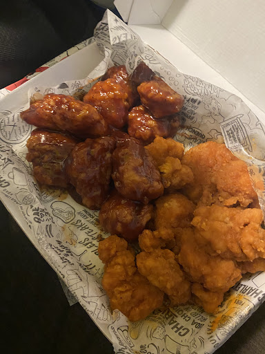 Read moreFirst time trying them after a birthday party nearby. It was maybe a couple people before us but they got taken care of fairly quick Same for me as well. Great prices especially for the portions. My 2 littles shared the 20 piece box with cheesy fries and they ate half and half and were full. Food was 10/10 the Cajun wings werenât spicy but still finger licking good with their Sriracha sauce. They had plenty of seating while waiting for our order. I say the total time from ordering our food to receiving it was about 8-9 minutes probably less than that. I would get the cheese on the side if possible if youâre not going to eat right away. Some of the fries were soggy when we made it home from the cheese. The rest of our food was still fresh and hot it smelled as good as it tasted !! Will be my go to spot...
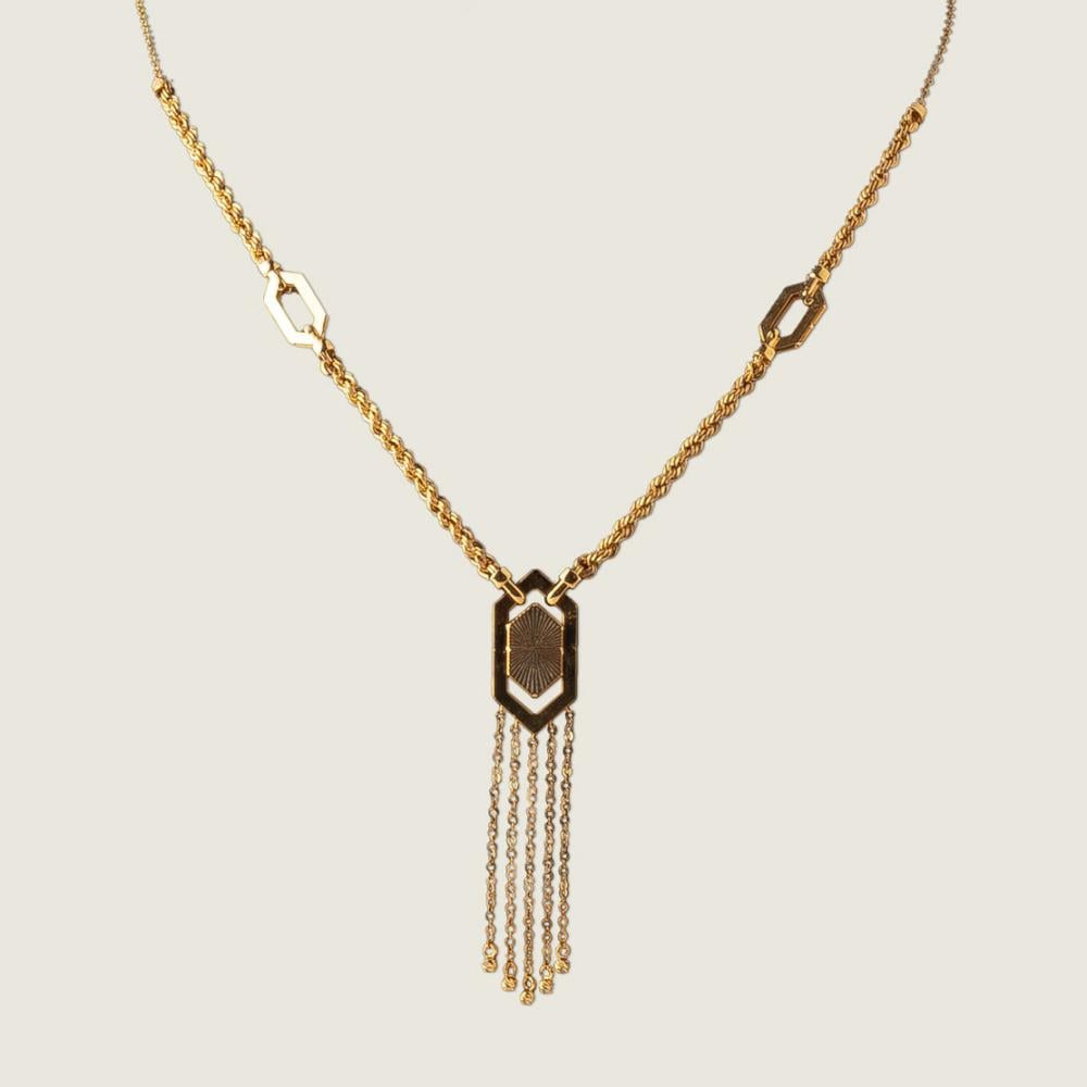 هذا الطقم يمثل قمة الابتكار في تصميم المجوهرات المعاصرة. يتميز عقد اللاريات (Y-Drop) بتناغم مدهش بين سلسلة الحبل (Rope Chain) الكلاسيكية وحلقات السلسلة المستطيلة (Paperclip) العصرية. ينتهي العقد بشرّابة معدنية ناعمة، مما يمنح إطلالتك عمقاً وحركة آسرة. إنه الخيار الأمثل للمرأة التي لا تخشى الجرأة في التعبير عن أسلوبها الفريد.
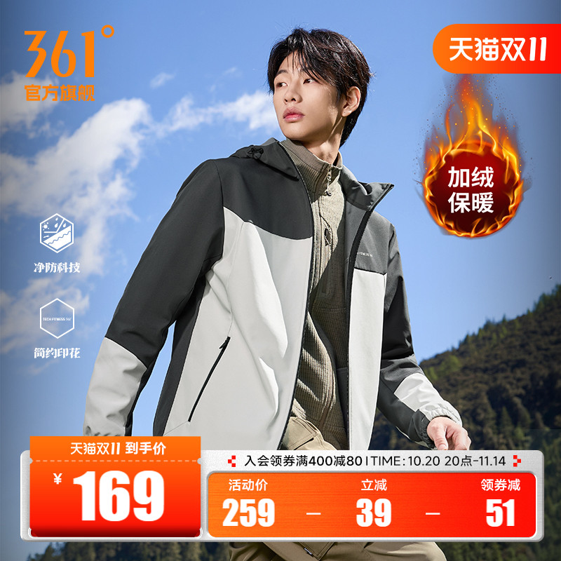 361运动外套2025秋冬新款男士梭织加绒连帽保暖上衣户外运动夹克
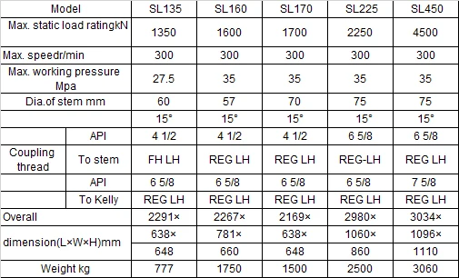 XSL Swivel with spinner is a combination of swivel and kelly spinner, driven by air motor or hydraulic motor, with keyless connection adopted between spinner and central pipe of swivel. It is designed and manufactured according to API Spec 8C “Specification for Drilling and Production Hoisting Equipment” .
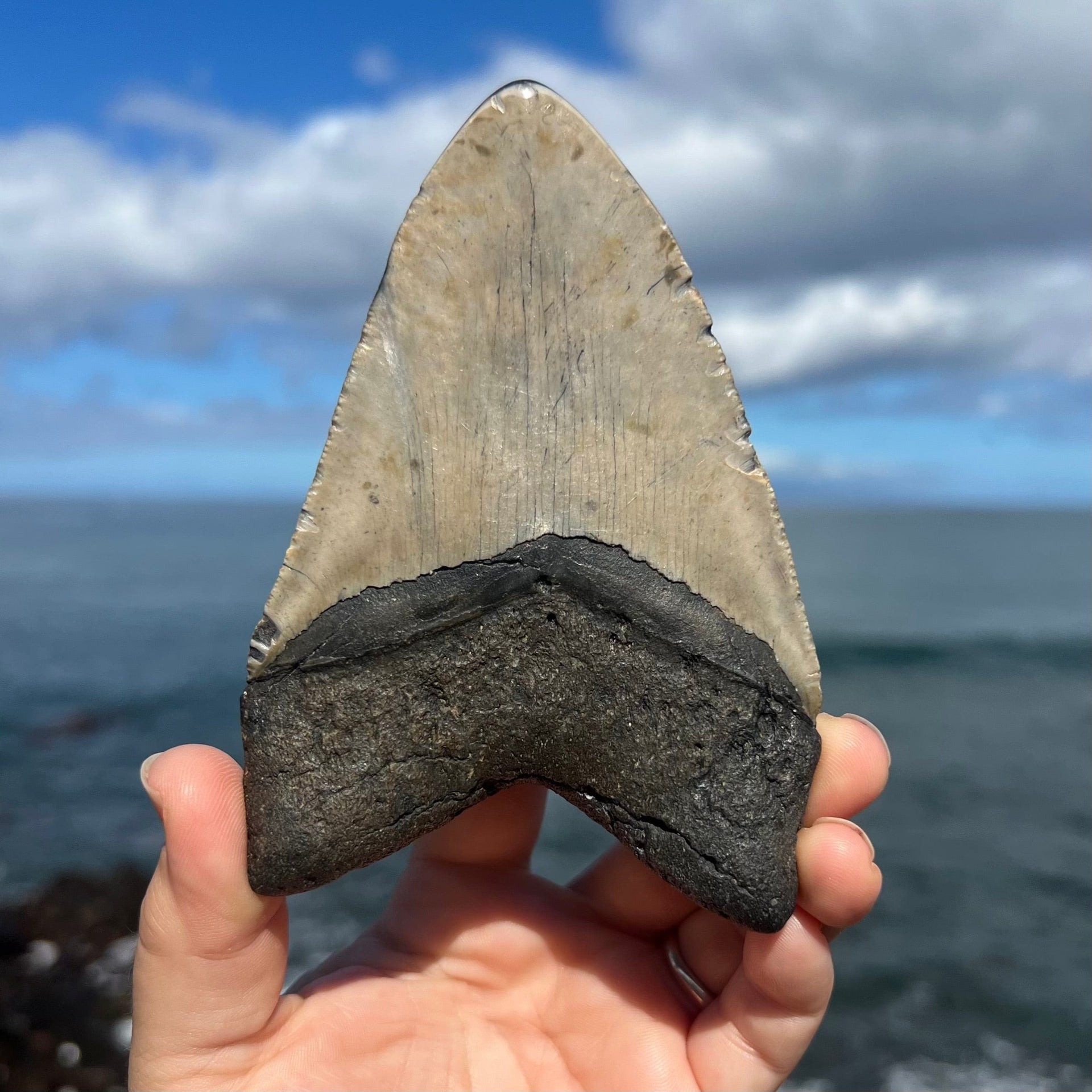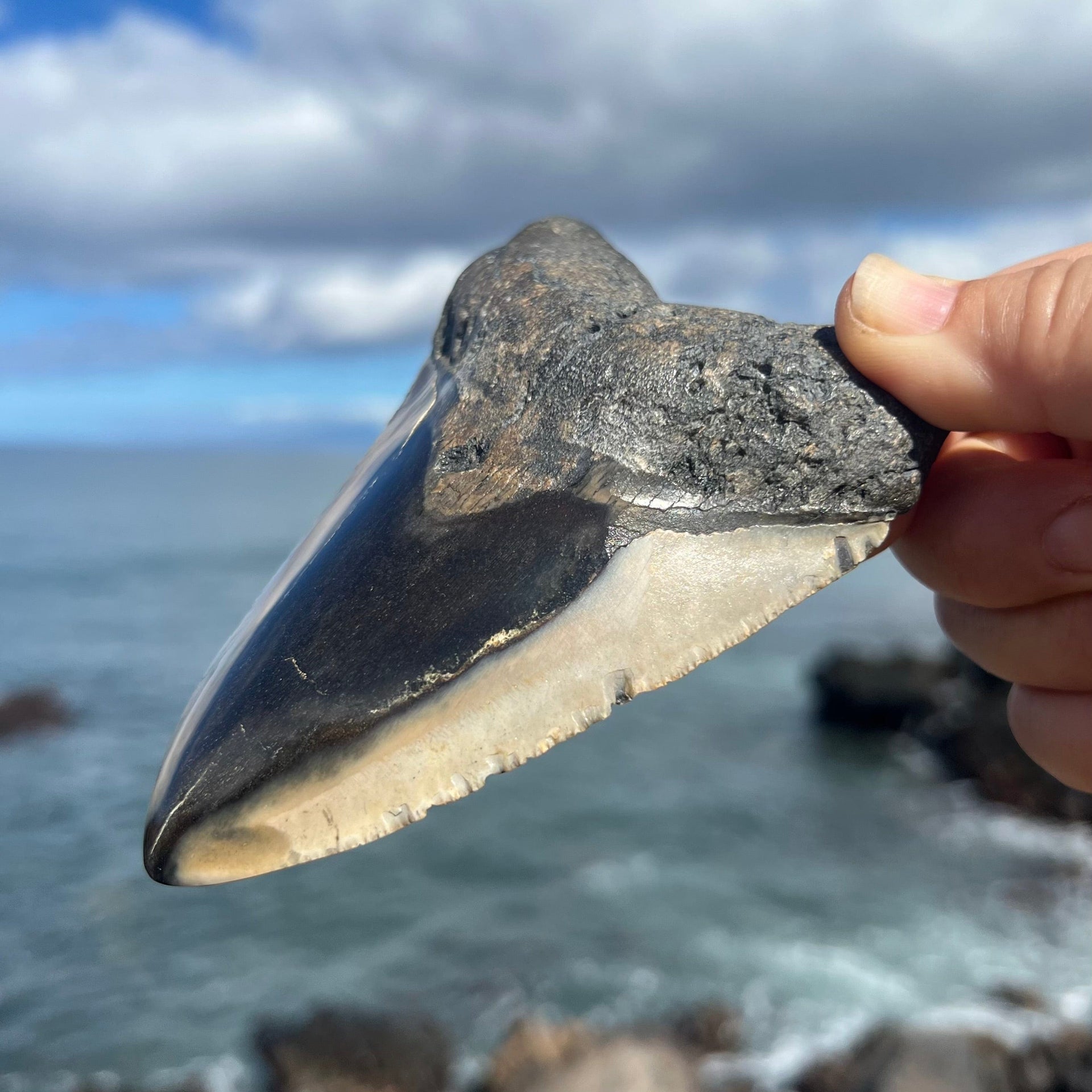 Although the Otodus megalodon lived more than 10 million years ago, reminders of this extinct species of shark remain today. This megalodon tooth is a perfect choice if you're looking for a smaller fossil for your desk or beginning your megalodon collection. The word megalodon means "big tooth," and Whaler's Locker prides itself with offering you a wide assortment.
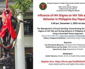 Invitation to an Online Seminar: “Influence of HIV Stigma on HIV Talk and Testing Behavior in Philippine Key Populations” Hosted by the Graduate Program in Health Policy Studies (Health Social Science), together with the Office of the Gender Program of the College of Arts and Sciences December 1, 2025 (Monday) 5:30 PM Via Zoom To […]

Work instructions
Transcribe the listing in full and omit the pictures.

Result
 Read moreFirst time trying them after a birthday party nearby. It was maybe a couple people before us but they got taken care of fairly quick Same for me as well. Great prices especially for the portions. My 2 littles shared the 20 piece box with cheesy fries and they ate half and half and were full. Food was 10/10 the Cajun wings werenât spicy but still finger licking good with their Sriracha sauce. They had plenty of seating while waiting for our order. I say the total time from ordering our food to receiving it was about 8-9 minutes probably less than that. I would get the cheese on the side if possible if youâre not going to eat right away. Some of the fries were soggy when we made it home from the cheese. The rest of our food was still fresh and hot it smelled as good as it tasted !! Will be my go to spot...
 هذا الطقم يمثل قمة الابتكار في تصميم المجوهرات المعاصرة. يتميز عقد اللاريات (Y-Drop) بتناغم مدهش بين سلسلة الحبل (Rope Chain) الكلاسيكية وحلقات السلسلة المستطيلة (Paperclip) العصرية. ينتهي العقد بشرّابة معدنية ناعمة، مما يمنح إطلالتك عمقاً وحركة آسرة. إنه الخيار الأمثل للمرأة التي لا تخشى الجرأة في التعبير عن أسلوبها الفريد.
 361运动外套2025秋冬新款男士梭织加绒连帽保暖上衣户外运动夹克
 XSL Swivel with spinner is a combination of swivel and kelly spinner, driven by air motor or hydraulic motor, with keyless connection adopted between spinner and central pipe of swivel. It is designed and manufactured according to API Spec 8C “Specification for Drilling and Production Hoisting Equipment” .
 Although the Otodus megalodon lived more than 10 million years ago, reminders of this extinct species of shark remain today. This megalodon tooth is a perfect choice if you're looking for a smaller fossil for your desk or beginning your megalodon collection. The word megalodon means "big tooth," and Whaler's Locker prides itself with offering you a wide assortment.
 Invitation to an Online Seminar: “Influence of HIV Stigma on HIV Talk and Testing Behavior in Philippine Key Populations” Hosted by the Graduate Program in Health Policy Studies (Health Social Science), together with the Office of the Gender Program of the College of Arts and Sciences December 1, 2025 (Monday) 5:30 PM Via Zoom To […]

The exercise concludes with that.